Watney points to the negative externalities that have accompanied technological development and economic growth—air and water pollution, climate change, deforestation—and suggests these have contributed to the disillusionment with progress as well. On top of that, he says, a spirit of complacency and safetyism has emerged in rich developed countries, adding new roadblocks.

“We have become the victims of our success, to a certain extent,” Watney argues. “As you get increasing levels of wealth and productivity, you’re more inclined to keep hold of the safety and the gains that you already have and less likely to risk a little bit to gain a lot more.” Or as Karabell puts it, “If you’re more worried about the unknown negative consequences than you’re excited about unknown positive consequences, you’re basically going to be sclerotic and not do anything.”

You should not confuse this appreciation for past progress with a belief that progress is complete. Karabell stresses that he doesn’t believe “we should just shut up and recognize” everything that’s going right. It’s just that “we are demonstrably able to create problems and we’re demonstrably able to solve them.”

Crawford thinks progress has slowed in recent decades. Two big reasons for the slowdown, he argues, are “the growth of the regulatory state” and “the centralization and bureaucratization of research, and in particular the funding of research.” Both impose unnecessarily constraining limits on scientific freedom and the types of opportunities and inventions that can be pursued.

“It’s totally fair to be frustrated with a lot of the excesses of the regulatory state,” says Watney. More hopefully, he adds: “If you’re so pessimistic about the current state, that means there should be lots of low-hanging fruit. Small changes could actually lead to really large increases.”

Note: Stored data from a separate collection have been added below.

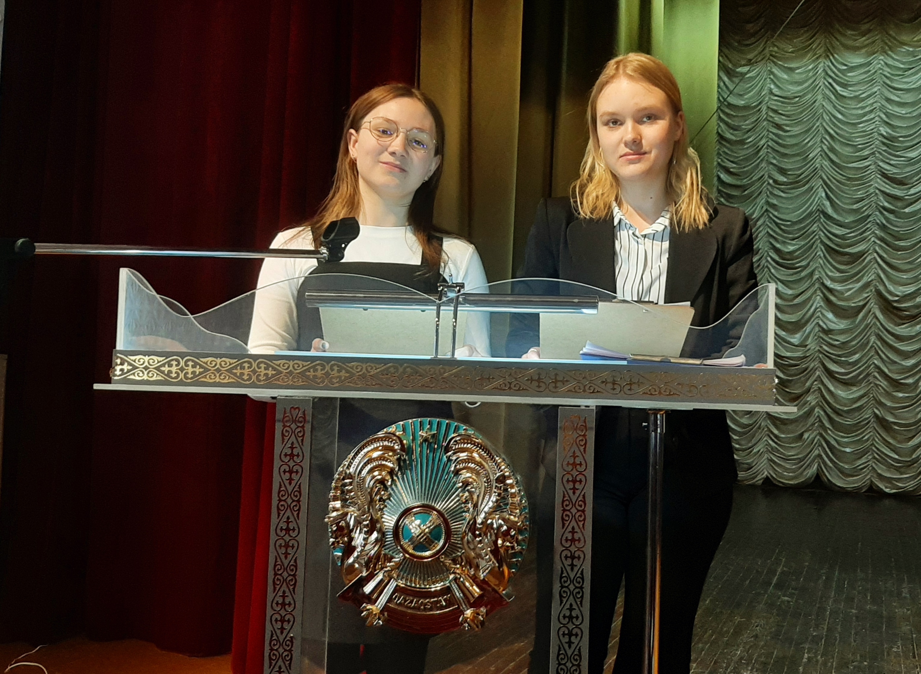 Представители школьного парламента Подваленчук Александра - руководитель фракции образования и культуры и Щелокова Екатерина- руководитель фракции права и порядка представили на конкурсе проект под названием "Наш мир - сцена!" и заняли II место.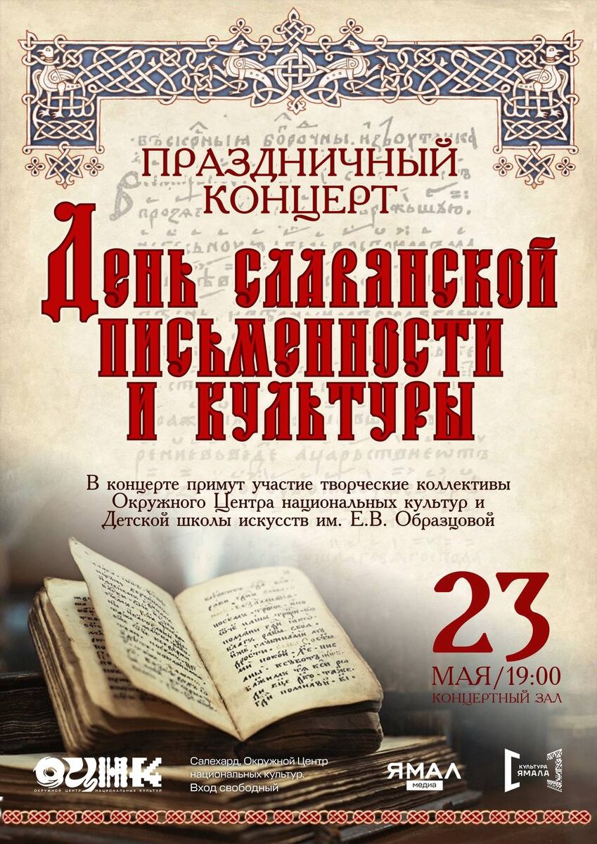 Приглашаем вас на праздничный концерт посвященный - Дню славянской письменности и культуры. Ежегодно 24 мая отмечается День славянской письменности и культуры – в этот день чтят память святых равноапостольных Кирилла и Мефодия, просветителей, создавших первую славянскую азбуку и осуществивших перевод богослужебных текстов на славянский язык, тем самым заложив фундамент славянской письменности. Именно благодаря их подвижническому труду славянские народы получили возможность читать и писать на родном языке, приобщаться к христианской вере и развивать свою самобытную культуру. Этот праздник символизирует национально-духовное единство славянских народов, объединенных общими историческими корнями, традициями, обычаями и культурным наследием. Когда: 23 мая, 19:00. Где: Окружной Центр национальных культур (Концертный зал), г. Салехард, ул. Республики д.74 Вход свободный.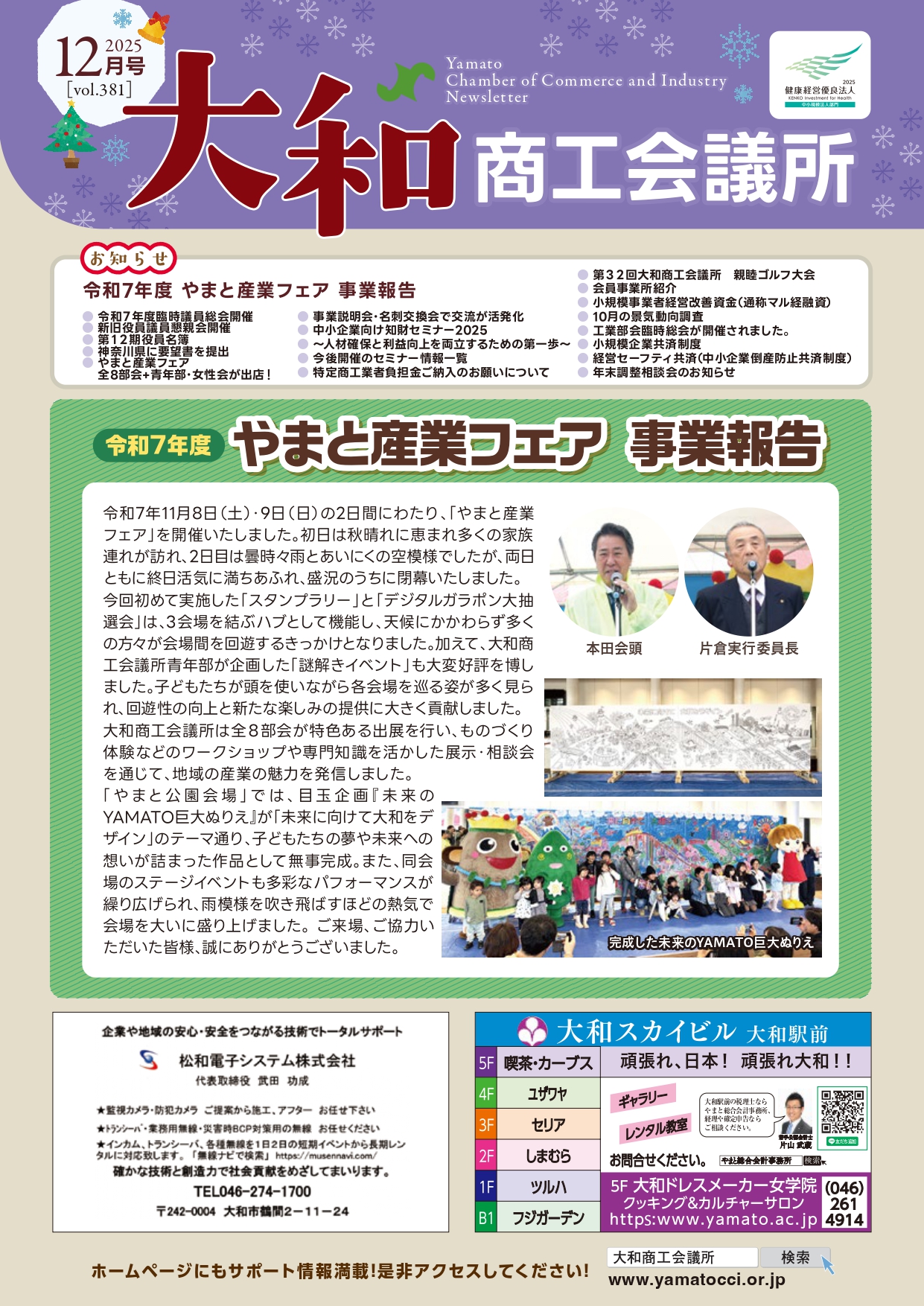 2025.12Vol.381 令和7年度 やまと産業フェア 事業報告、令和7年度臨時議員総会開催、新旧役員議員懇親会開催、第12期役員名簿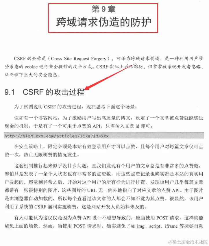 第9章对跨域请求伪造的防护进行了讲解,CSRF的全称是( Cross Site Request Forgery) ,可译为跨域请求伪造,是一种利用用户带登录态的cookie进行安全操作的攻击方式。CSRF实际上并不难防,但常常被系统开发者忽略,从而埋下巨大的安全隐患。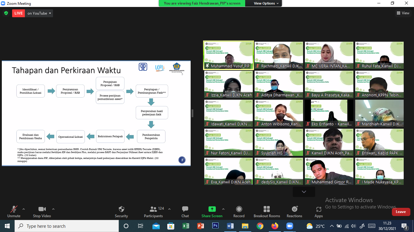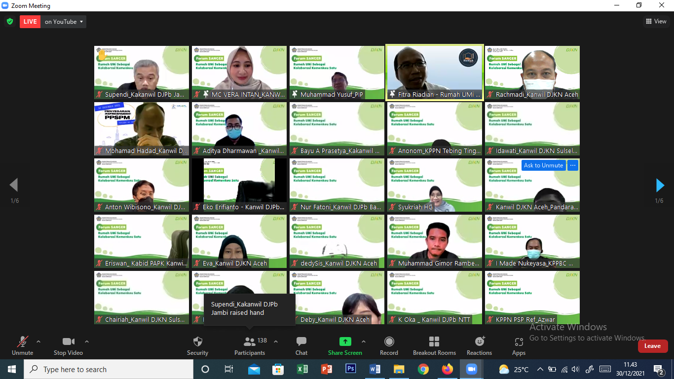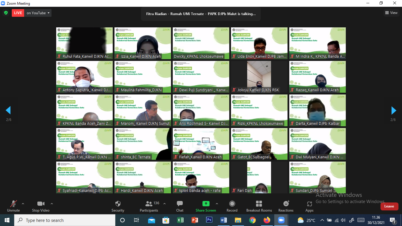 Acara yang dipandu oleh Vera Intan Karlina ini dihadiri oleh hampir 200 partisipan dari Kantor Wilayah DJKN, DJPb, DJP, serta DJBC seluruh Indonesia dan ditayangkan melalui aplikasi zoom meeting maupun kanal youtube Kanwil DJKN Aceh. Acara dibuka oleh Kepala Kanwil DJKN Aceh, Syukriah HG, yang pada intinya menyampaikan terima kasih atas kesediaan BLU PIP untuk hadir dan berbagi pengetahuan dengan Keluarga Besar Kemenkeu Aceh. Selanjutnya Kepala Kanwil DJPb Propinsi Aceh, Syafriadi, dalam sambutannya menyatakan bahwa Rumah UMi bisa menjadi sarana untuk memperkuat kolaborasi Kemenkeu Satu dan media untuk memberikan sumbangsih kepada masyarakat di Aceh.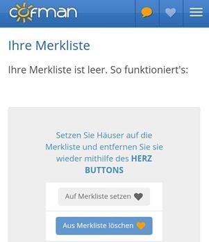 Auf Cofman.com gibt es eine Funktion namens "Merkliste". Hier haben Sie die Möglichkeit, die Häuser, die Ihnen gefallen haben, für später zu speichern. Wenn Sie auf einer Hausseite sind, klicken Sie einfach auf das graue Herz, schon wird Ihr Haus für später gespeichert.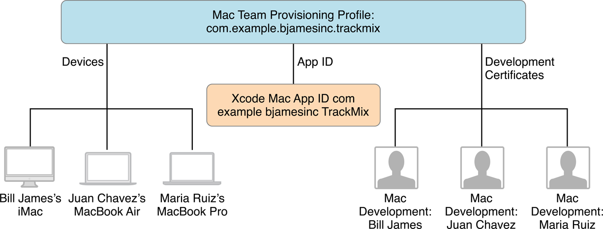 This diagram shows a Mac Team Provisioning Profile using an explicit App ID for an organization developing a macOS app.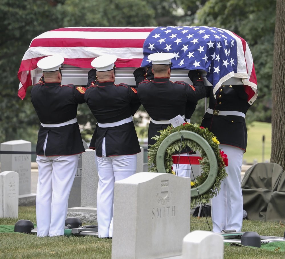 When the American flag is draped over the coffin, it is placed in such a way that the union blue field is displayed at the top and over the left shoulder. The flag is presented to members of the armed force and retired military veterans, is not positioned inside the burial site, nor is it permitted to come into contact with the ground. The flag is presented by members of the branch of the Armed Forces in which the person died while on active service. Additionally, the Department of Veterans Affairs provides the country’s flag for veterans, which are proffered to the closest relative at the final moment of the funeral. If there isn’t any next of kin, the flag is issued to an available family member or a close friend.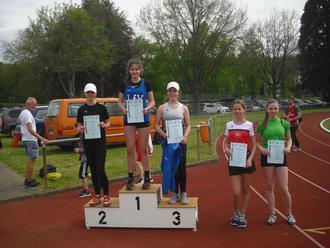 Mit 966 P. wurde sie 7. im Drei- und mit 1 268 P. 4. im Vierkampf. Bei der W 12 waren mit Xenia Horst und Alia Steinmetz zwei LfV-Mädchen am Start. Xenia lief die 75 m in 12,21 sek, sprang 3,41 m weit, schaffte im Ballwurf 14,00 m und überquerte im Hochsprung 1,18 m. Im Dreikampf kam sie mit 909 P. auf den 8. und im Vierkampf mit 1 211 P. auf den 4. Platz. Alia belegte im Dreikampf mit 853 P. Platz 12 und im Vierkampf mit 1 100 P. Platz 6 mit folgenden Einzelleistungen: 75 m in 13,19 sek, Weitsprung 2,98 m, Ballwurf 20,00 m und Hochsprung 1,10 m. In der Mannschaftswertung W 12/W 13 erreichten diese drei im Dreikampf mit 2 728 P. Platz 3 und im Vierkampf mit 3 579 P. Platz 2.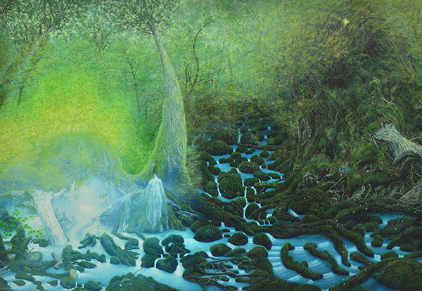 2015年には、「森は一滴のしずくから生まれる。」という言葉からスタートする『水の森』を100号サイズのキャンバスに、1日10時間の制作を4か月かけ、絵の部分や全体を撮影してできた絵本を刊行されました。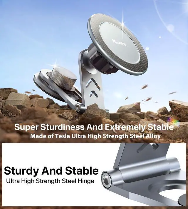 [Top Sturdiness and Durability] Nycetek magnetic phone holder made of the same ultra-high strength steel aluminum alloy as Tesla cars for optimal durability. Strong hinge like tesla frame, mimicking the steadfastness of a tesla chassis. Provides optimal stability for your phone.
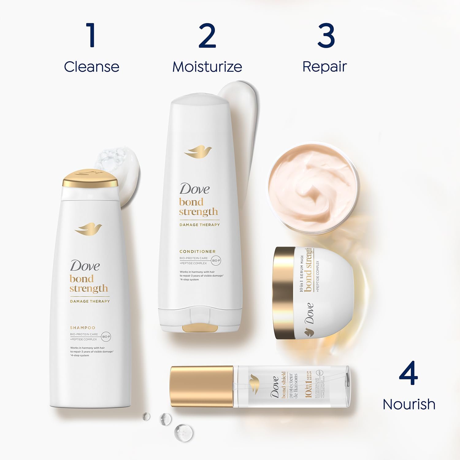 ADVANCED HAIR STRENGTHENING: Each Dove hair care product is infused with Bio-Protein Care + Peptide Complex, targeting the deepest layers of hair fibers, visibly restoring hair health and shine.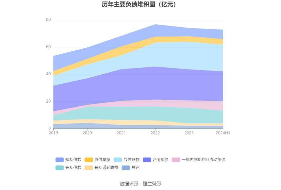 负债重大变化方面,截至2024年上半年末,公司长期借款较上年末减少17.07%,占公司总资产比重下降1.76个百分点;一年内到期的非流动负债较上年末增加25.81%,占公司总资产比重上升1.10个百分点;合同负债较上年末减少3.64%,占公司总资产比重下降0.93个百分点;短期借款较上年末增加12.91%,占公司总资产比重上升0.59个百分点。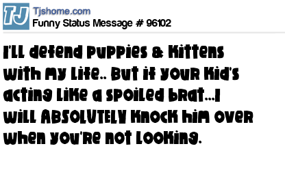 X I'll defend puppies & kittens with my life.. But if your kid's acting like a spoiled brat...I will ABSOLUTELY knock him over when you're not looking.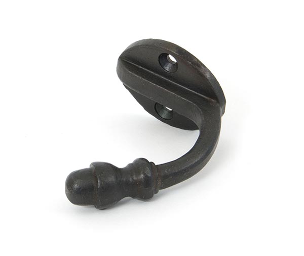 The FROM THE ANVIL® Beeswax Coat Hook is a beautifully forged mild steel coat hook featuring a traditional design with a decorative finial. The authentic beeswax finish provides a subtle matt richness with natural color variations from blue to deep ochre, offering a softer alternative to black powder coating. This versatile hook comes complete with matching stainless steel wood screws and can be used individually or combined with other hooks to create a striking feature piece. Perfect for both functional storage and decorative appeal in any home setting.

The IFP’s chief aim is to pick that low-hanging fruit by cutting down the overburden of regulation and reforming the stodgy processes that encrust science funding. So the group is working to streamline the National Environmental Policy Act so that it no longer blocks for years the building of critically needed infrastructure: roads, pipelines, electrical lines, and nuclear, renewable, and geothermal energy projects. The institute also wants to speed up the approval processes at the Food and Drug Administration and the Nuclear Regulatory Commission—in the first case to get new treatments to patients more quickly, and in the second to deploy modern nuclear reactors faster. It is pushing to reform the science funding programs at the National Institutes of Health (NIH) and the National Science Foundation. For example, researchers associated with the IFP note that NIH peer review grant evaluations now tend to focus on the probability that research proposals will achieve their primary outcomes. Thus this evaluation process generally steers funding away from high-risk, high-reward research. One IFP proposal to overcome this conservative bias is to have peer reviewers first assess how valuable the new cures and treatments stemming from the proposed research would be should it prove successful in developing new fundamental knowledge.

Trying To Make It Better

All these projects direct people’s attention to Gapminder, Human Progress, Our World in Data, and other efforts that comprehensively document how much progress is still being made today. These changes include increasing average life expectancy, cutting extreme poverty, reducing childhood mortality, increasing wealth, supplying greater access to education, and empowering women’s rights.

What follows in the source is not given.